Both movements [says Hitchens]are based on a cult of murderous violence that exalts death and destruction and despises the life of the mind. ("Death to the intellect! Long live death!" as Gen. Francisco Franco's sidekick Gonzalo Queipo de Llano so pithily phrased it.) Both are hostile to modernity (except when it comes to the pursuit of weapons), and both are bitterly nostalgic for past empires and lost glories. Both are obsessed with real and imagined "humiliations" and thirsty for revenge. Both are chronically infected with the toxin of anti-Jewish paranoia (interestingly, also, with its milder cousin, anti-Freemason paranoia). Both are inclined to leader worship and to the exclusive stress on the power of one great book. Both have a strong commitment to sexual repression—especially to the repression of any sexual "deviance"—and to its counterparts the subordination of the female and contempt for the feminine. Both despise art and literature as symptoms of degeneracy and decadence; both burn books and destroy museums and treasures.

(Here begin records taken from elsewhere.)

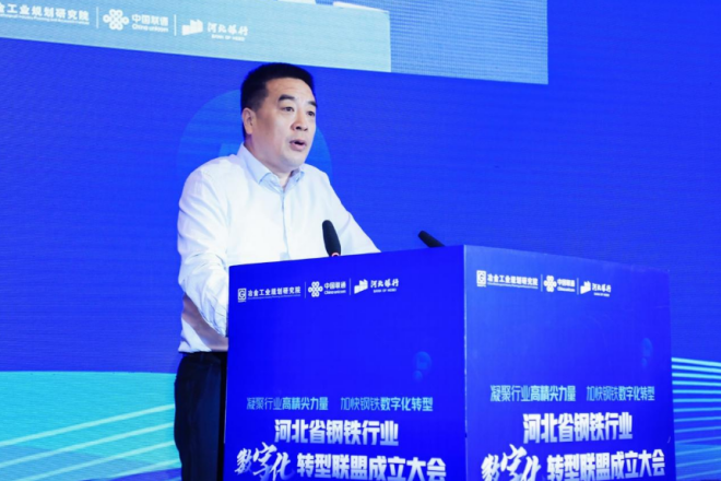 6月18日,由冶金工業規劃研究院主辦,中國聯通智慧鋼鐵軍團、河北銀行股份有限公司承辦,冶金工業經濟發展研究中心、金蝶軟件(中國)有限公司協辦的“河北省鋼鐵行業數字化轉型聯盟成立大會”在河北石家莊成功召開。會上,河北省鋼鐵行業數字化轉型聯盟揭牌成立,並選舉產生聯盟組織領導機構。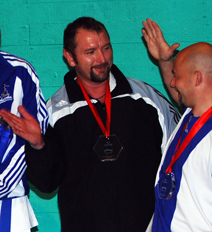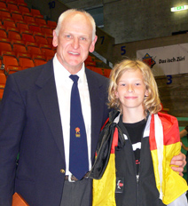 Jonas Schumann mit Shihan C. Thomson (8.Dan) Für Jonas war diese WM der erste internationale Auftritt. Er freut sich schon auf die EM 2009 in Deutschland !!! |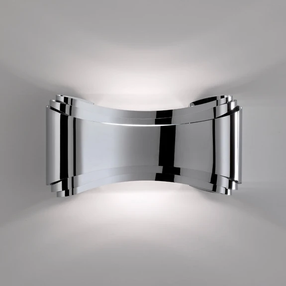 Les trois couches de la lampe murale Ionica sont découpées au laser et façonnées à la main. Les couches sont chromées et chaque couche est de taille différente, ce qui donne à la lampe une forme fluide. A l'intérieur se trouve une LED fixe dont la lumière blanche chaude est distribuée exclusivement au-dessus et en dessous de la lampe. En combinaison avec les trois feuilles d'acier qui se fondent les unes dans les autres, un intéressant jeu d'ombres est créé, donnant aux couloirs ou aux zones de vie une élégante touche moderne - que ce soit dans un cadre privé ou dans les hôtels et restaurants.

The essential glorification of the state is missing in the various forms of “clerical fascism,” but, as Abdel-Samad points out, the chief goal of the Islamic State is the reconstitution of the medieval caliphate.  Then there’s the whole notion of purity, not specifically racial, but in the need to eliminate the kufar, the profane. 

In writing to a German-language audience, Abdel-Samad’s choice of the term fascism, sounds self-defeating to many.  Why raise such a specter, they ask, inflate the problem and risk leading his audience to conclude the Islamic version is not actually all that bad, when the positive aspects of Islam are made plain?   Why not just use the word totalitarianism?  Isn’t the effect the same?

But I’m getting ahead of myself.  Will take that up in time.  First, though, I want to lay out Hamed's polemic against the religion of Islam itself.





*I should be using the term “German-speaking” here, since Austria and Switzerland are dealing with the same issue in their own ways, but for the sake of simplicity, I’ll limit my references to Germany, unless otherwise noted.